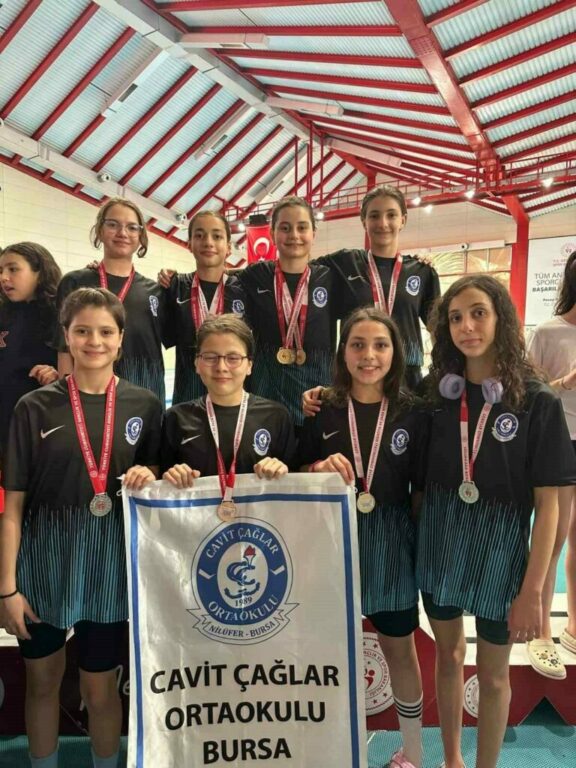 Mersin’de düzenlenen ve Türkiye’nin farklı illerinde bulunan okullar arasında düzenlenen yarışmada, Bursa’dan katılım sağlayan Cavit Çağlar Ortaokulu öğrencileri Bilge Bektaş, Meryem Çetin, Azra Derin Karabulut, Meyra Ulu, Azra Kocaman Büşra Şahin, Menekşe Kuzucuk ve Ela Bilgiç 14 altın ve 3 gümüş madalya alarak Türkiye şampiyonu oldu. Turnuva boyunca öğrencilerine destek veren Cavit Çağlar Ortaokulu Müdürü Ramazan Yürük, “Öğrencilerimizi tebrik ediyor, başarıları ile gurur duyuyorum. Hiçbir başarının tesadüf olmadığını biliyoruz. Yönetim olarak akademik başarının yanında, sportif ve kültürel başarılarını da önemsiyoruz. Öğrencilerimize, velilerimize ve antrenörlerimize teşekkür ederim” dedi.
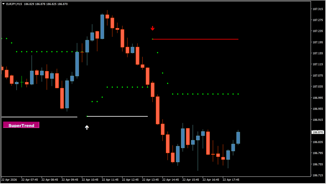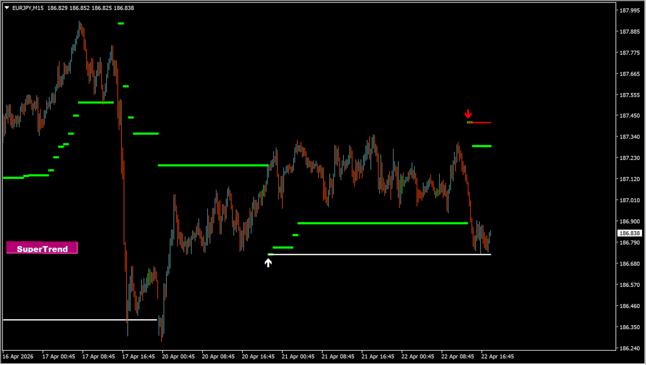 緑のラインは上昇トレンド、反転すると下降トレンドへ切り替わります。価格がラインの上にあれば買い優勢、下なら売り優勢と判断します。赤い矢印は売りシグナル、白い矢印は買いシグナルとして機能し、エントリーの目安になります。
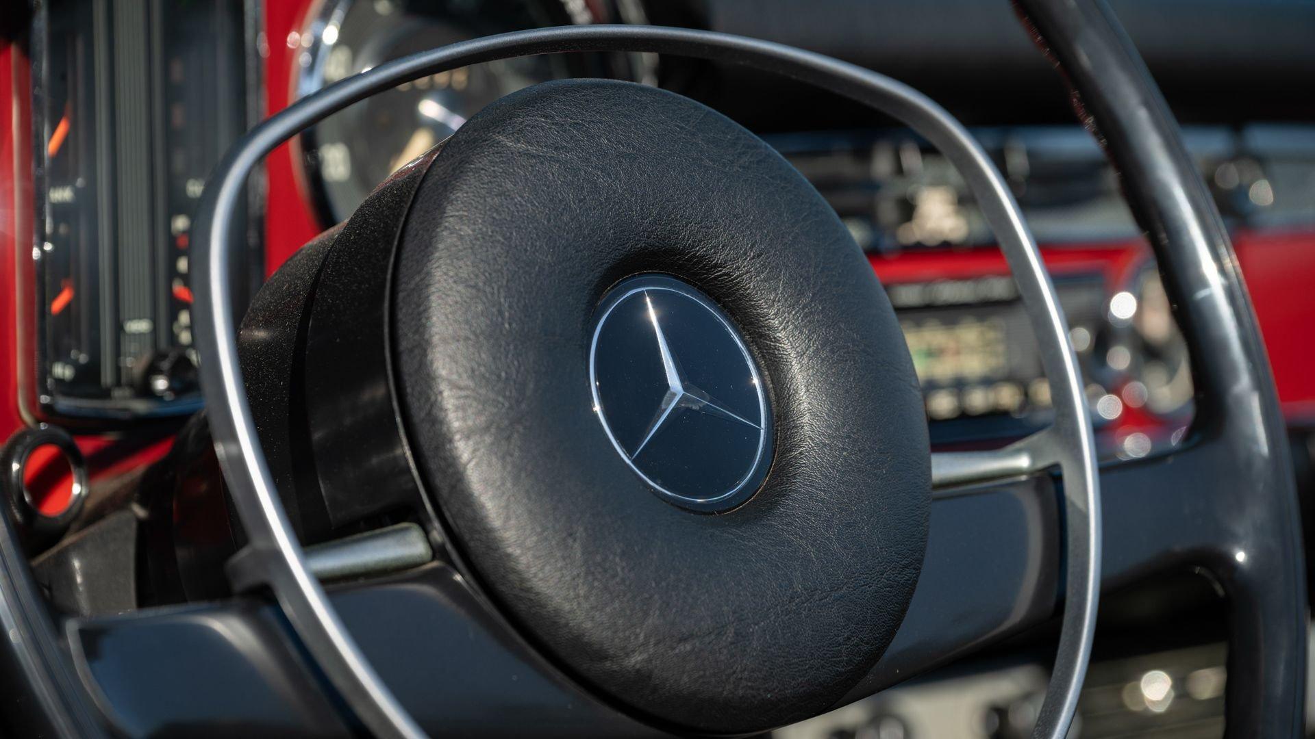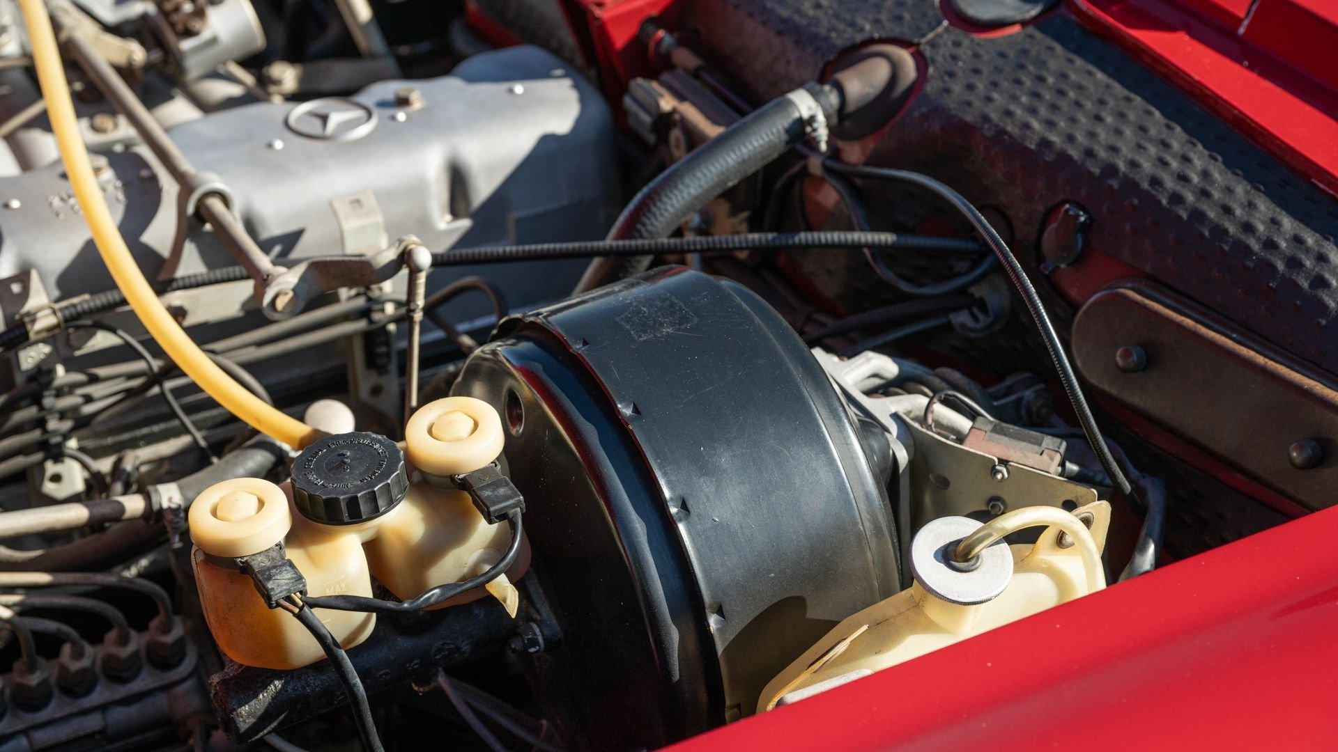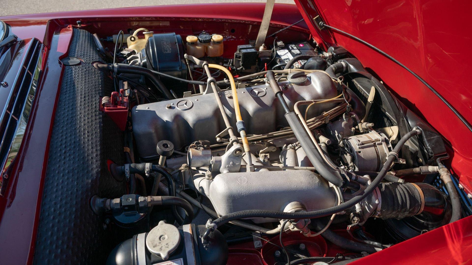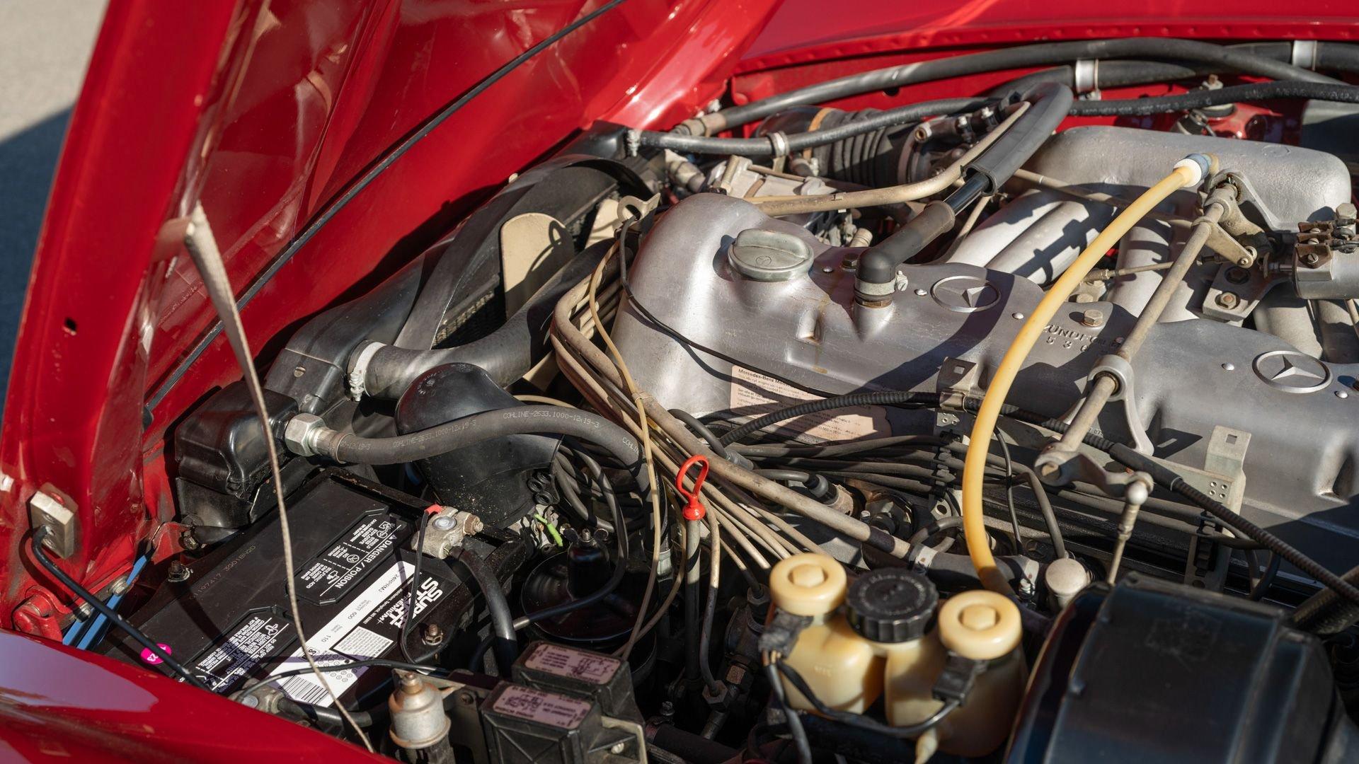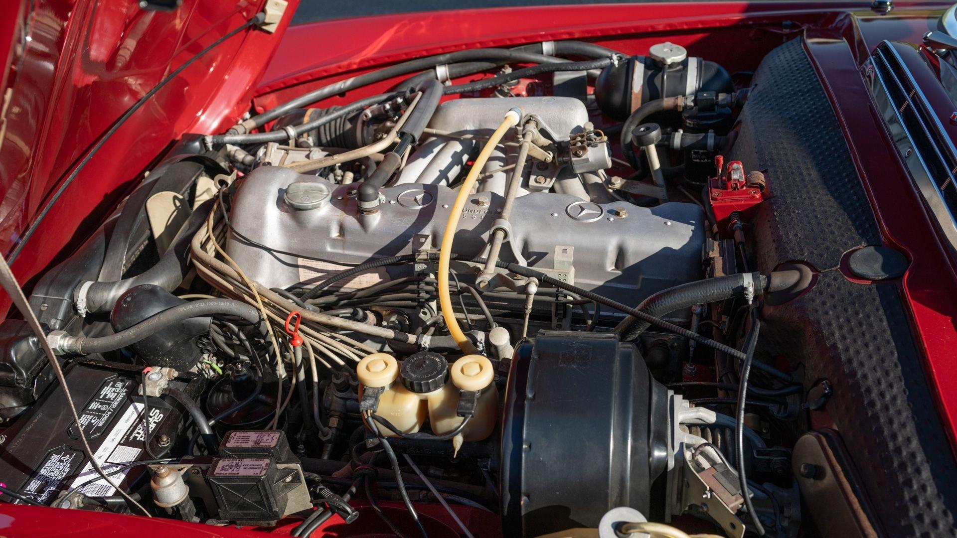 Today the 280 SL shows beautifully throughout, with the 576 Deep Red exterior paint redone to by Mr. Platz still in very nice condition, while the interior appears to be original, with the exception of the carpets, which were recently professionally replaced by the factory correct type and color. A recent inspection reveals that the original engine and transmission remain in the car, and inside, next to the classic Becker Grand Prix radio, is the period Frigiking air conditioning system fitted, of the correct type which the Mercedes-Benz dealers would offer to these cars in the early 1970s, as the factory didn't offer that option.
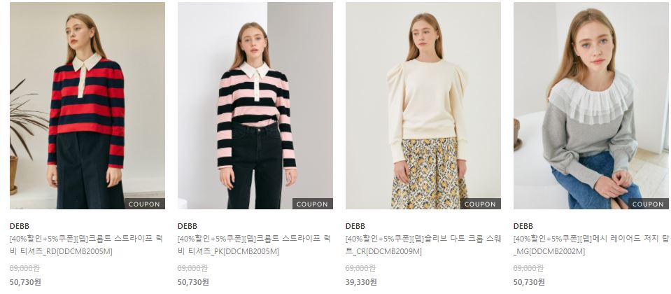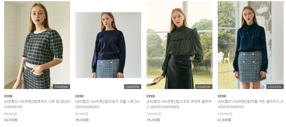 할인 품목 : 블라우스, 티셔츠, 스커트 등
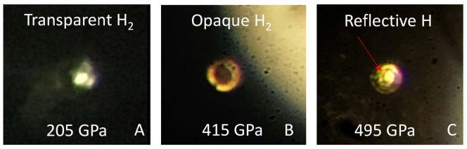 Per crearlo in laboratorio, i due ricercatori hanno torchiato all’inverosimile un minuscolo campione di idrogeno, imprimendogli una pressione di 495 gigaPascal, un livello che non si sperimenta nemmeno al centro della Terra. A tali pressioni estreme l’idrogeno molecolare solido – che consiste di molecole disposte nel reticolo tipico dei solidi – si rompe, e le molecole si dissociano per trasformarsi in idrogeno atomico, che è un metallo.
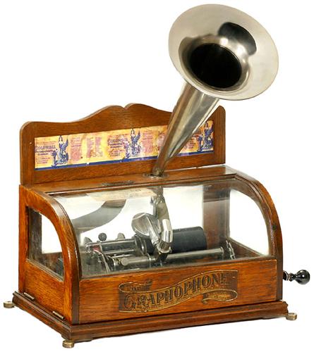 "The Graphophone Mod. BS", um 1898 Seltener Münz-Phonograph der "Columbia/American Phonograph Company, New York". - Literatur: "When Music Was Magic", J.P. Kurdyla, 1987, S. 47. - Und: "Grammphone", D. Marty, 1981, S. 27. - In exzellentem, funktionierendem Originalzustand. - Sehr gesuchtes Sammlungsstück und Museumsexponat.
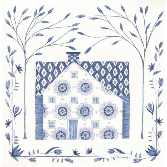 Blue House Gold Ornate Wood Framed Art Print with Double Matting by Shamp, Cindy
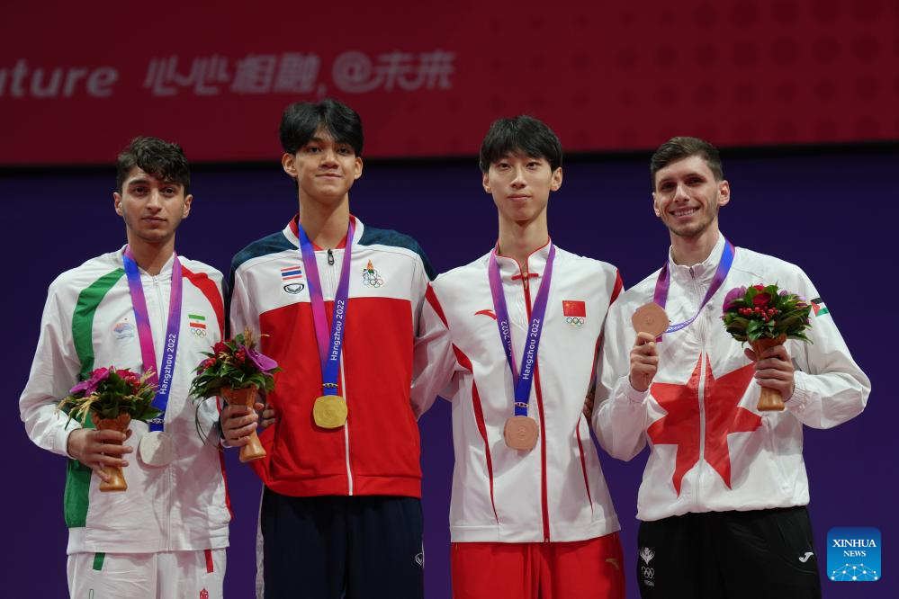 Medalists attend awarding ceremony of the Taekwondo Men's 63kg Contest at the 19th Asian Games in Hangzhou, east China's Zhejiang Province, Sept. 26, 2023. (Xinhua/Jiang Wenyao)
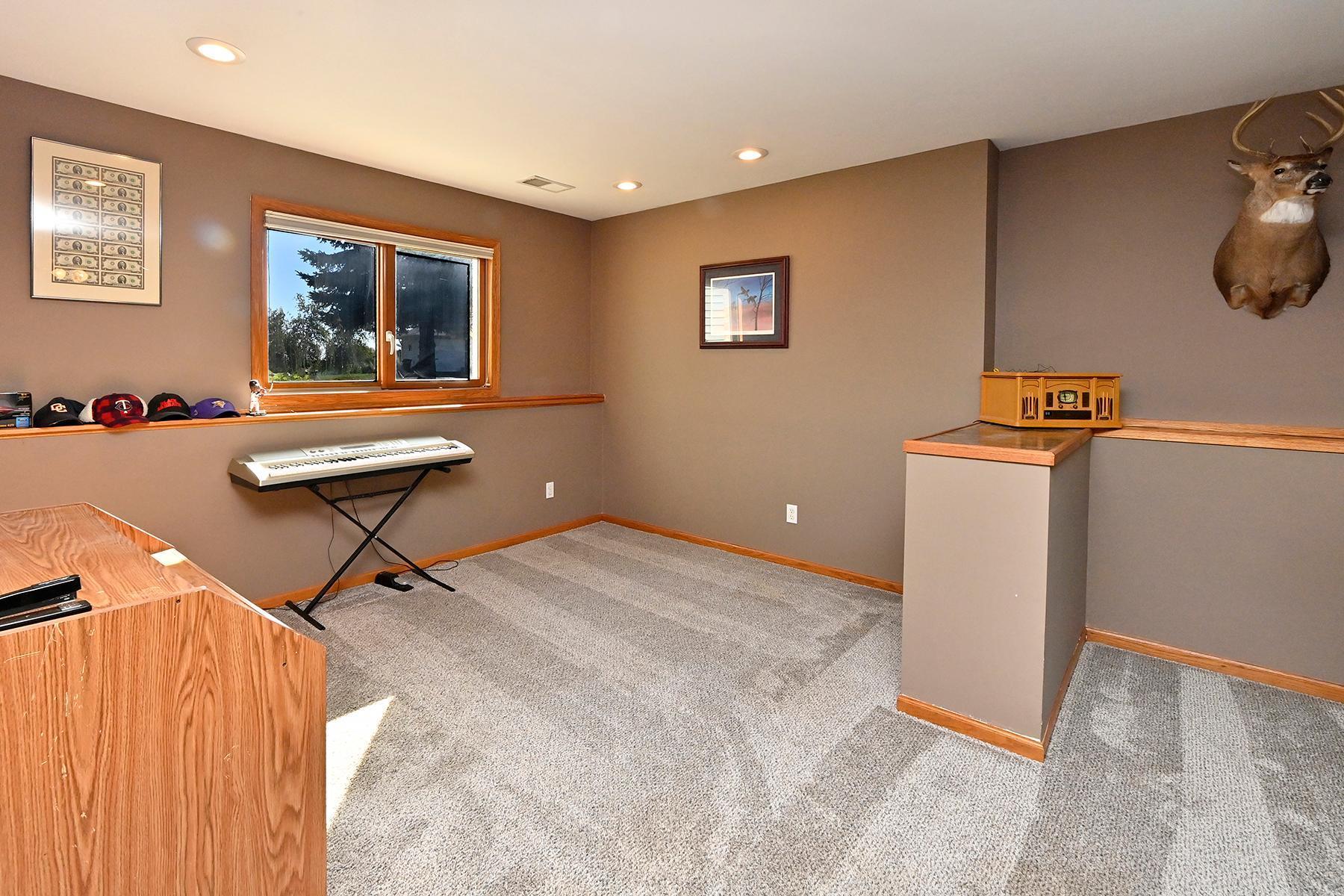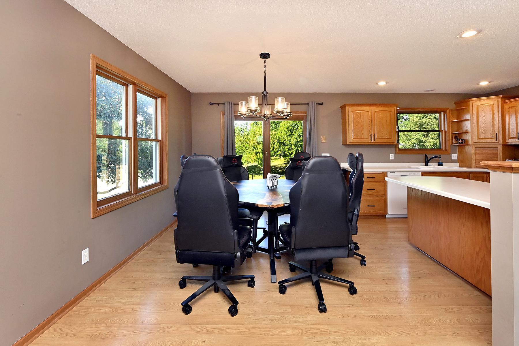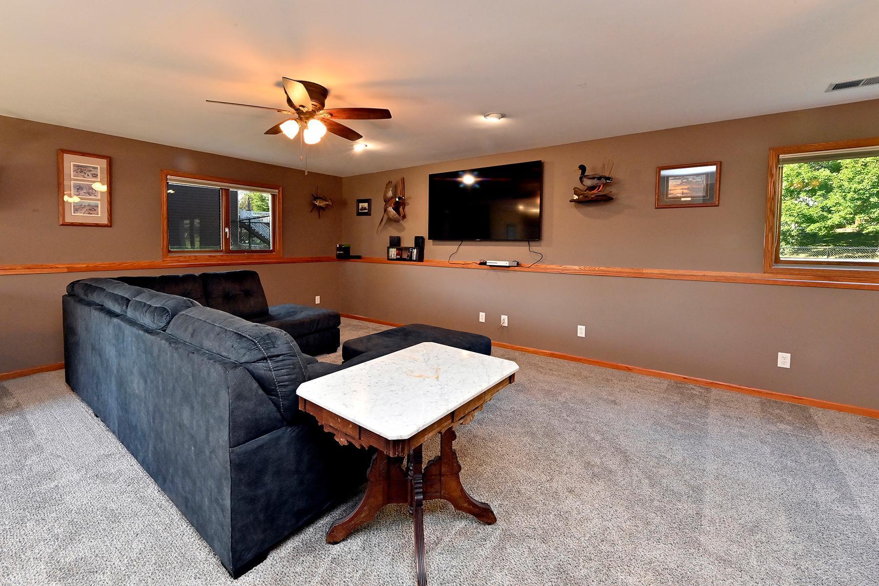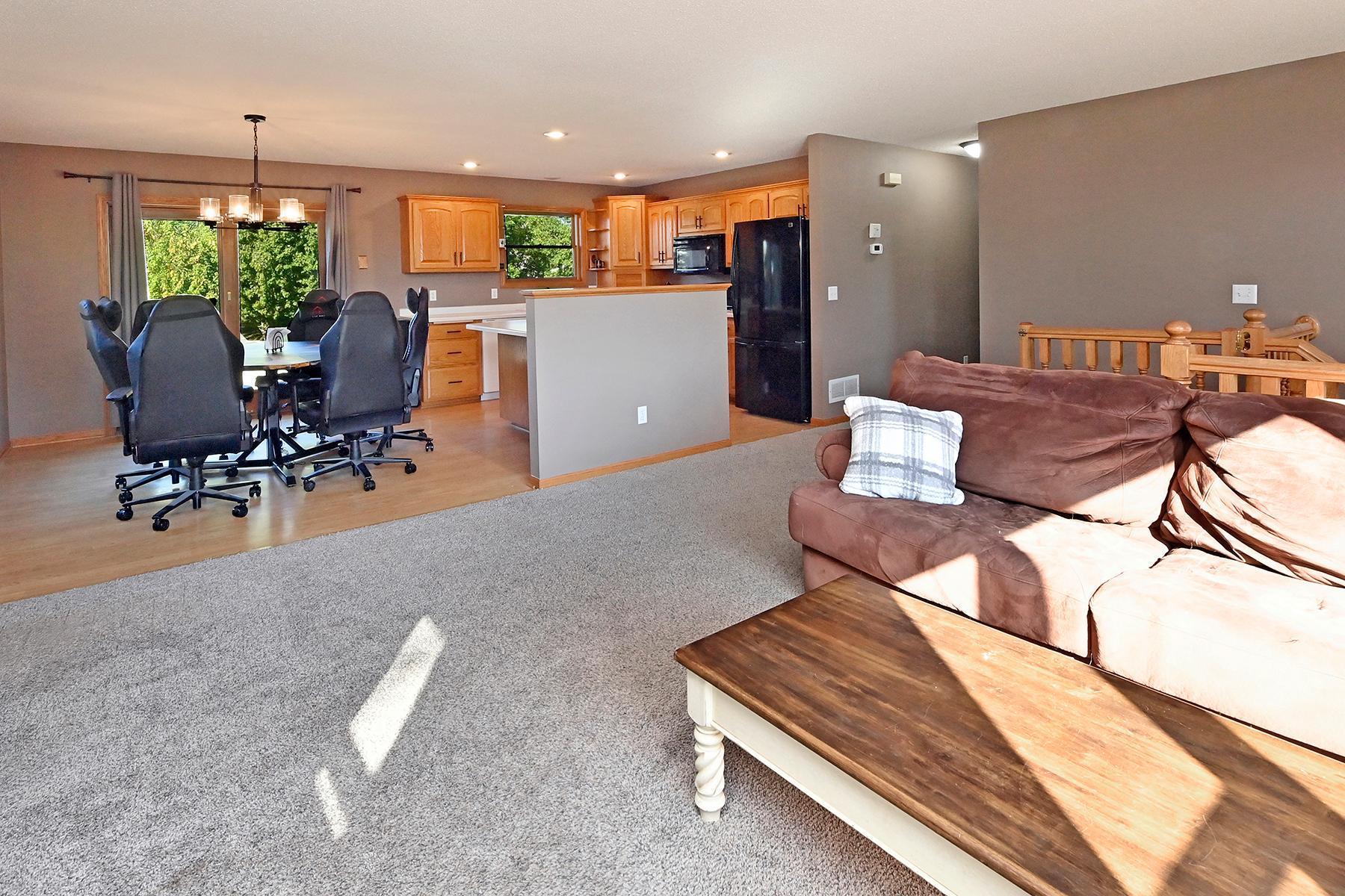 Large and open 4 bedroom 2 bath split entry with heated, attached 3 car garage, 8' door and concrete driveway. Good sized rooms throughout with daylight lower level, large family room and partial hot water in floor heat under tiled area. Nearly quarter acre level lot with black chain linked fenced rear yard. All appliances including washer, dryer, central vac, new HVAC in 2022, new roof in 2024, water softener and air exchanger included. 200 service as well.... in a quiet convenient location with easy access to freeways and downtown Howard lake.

##############################

**DIRECTIONS FOR THIS TASK**
Starting with the line that contains "Medalists attend awarding", print every remaining line of the records above, exactly as it stands. Do not print the pictures.

**ANSWER SPACE**
 Medalists attend awarding ceremony of the Taekwondo Men's 63kg Contest at the 19th Asian Games in Hangzhou, east China's Zhejiang Province, Sept. 26, 2023. (Xinhua/Jiang Wenyao)
 Large and open 4 bedroom 2 bath split entry with heated, attached 3 car garage, 8' door and concrete driveway. Good sized rooms throughout with daylight lower level, large family room and partial hot water in floor heat under tiled area. Nearly quarter acre level lot with black chain linked fenced rear yard. All appliances including washer, dryer, central vac, new HVAC in 2022, new roof in 2024, water softener and air exchanger included. 200 service as well.... in a quiet convenient location with easy access to freeways and downtown Howard lake.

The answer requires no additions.